** Exercise brief **
From the line with "From Tide Creek, we" to the end of the data below, restate each line word for word, both ends included, without the pictures.

** Data below **
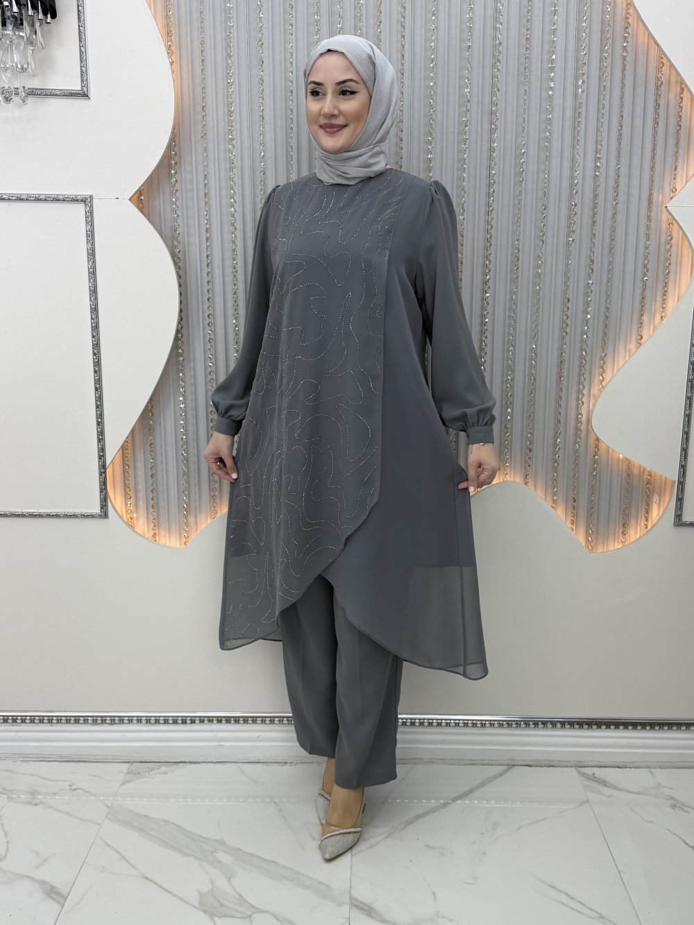 Parlayan Pantolonlu Takım Gri
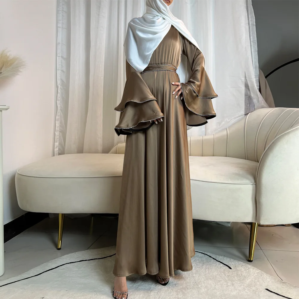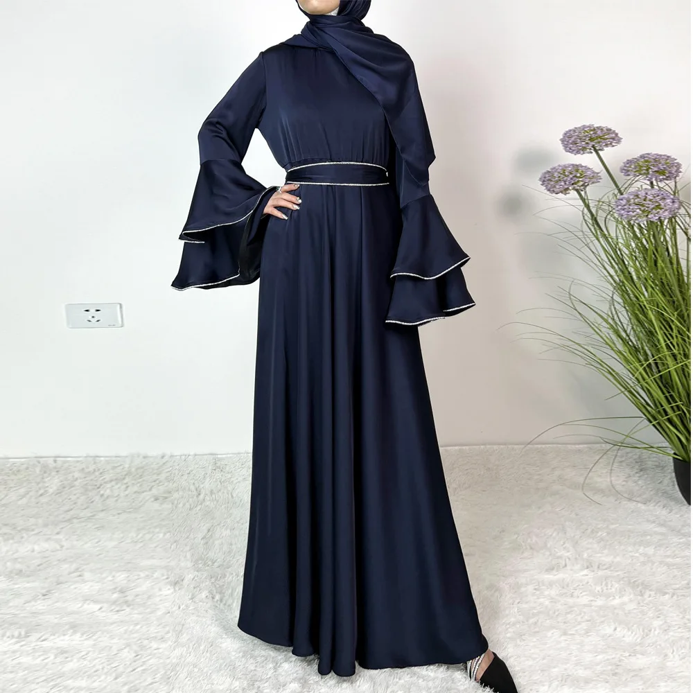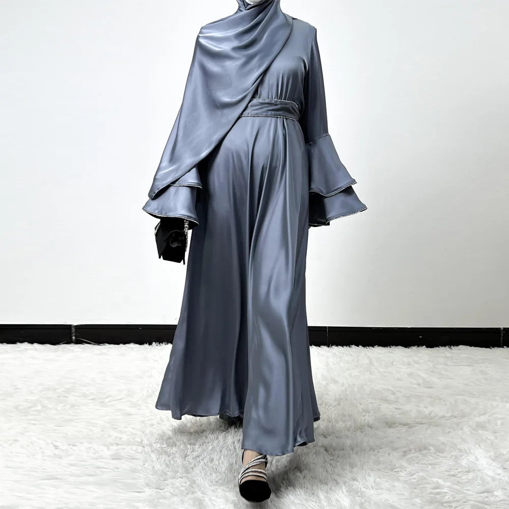 Ramadan Eid Satin Abaya Muslim Women Hijab Dress Belt Robe Diamonds Flare Sleeve Evening Party Gown Dubai Kaftan Turkey Jalabiya
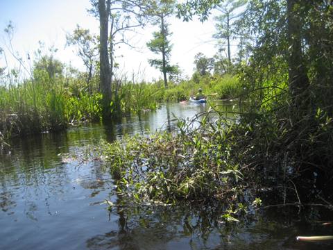 From Tide Creek, we paddled across the river about 2/10 mile to Cow Creek. Right after entering the creek a landing spot was a welcome sight, the only place to stop and stretch on the whole trip. We paddled a short way on Cow Creek before returning to the river to continue our trip.
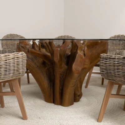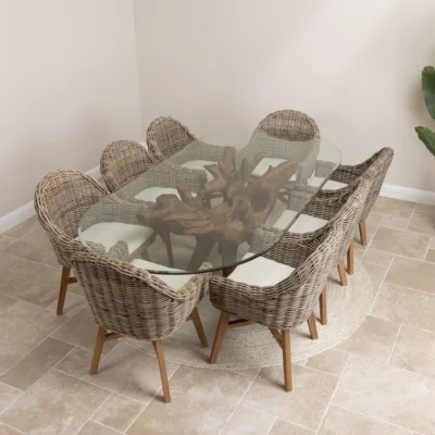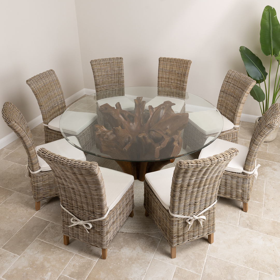 180cm Circular Reclaimed Teak Flute Root Indoor Dining Table with 8 Natural Kubu Wicker ChairsIn stock

** Answer to the problem **
 From Tide Creek, we paddled across the river about 2/10 mile to Cow Creek. Right after entering the creek a landing spot was a welcome sight, the only place to stop and stretch on the whole trip. We paddled a short way on Cow Creek before returning to the river to continue our trip.
 180cm Circular Reclaimed Teak Flute Root Indoor Dining Table with 8 Natural Kubu Wicker ChairsIn stock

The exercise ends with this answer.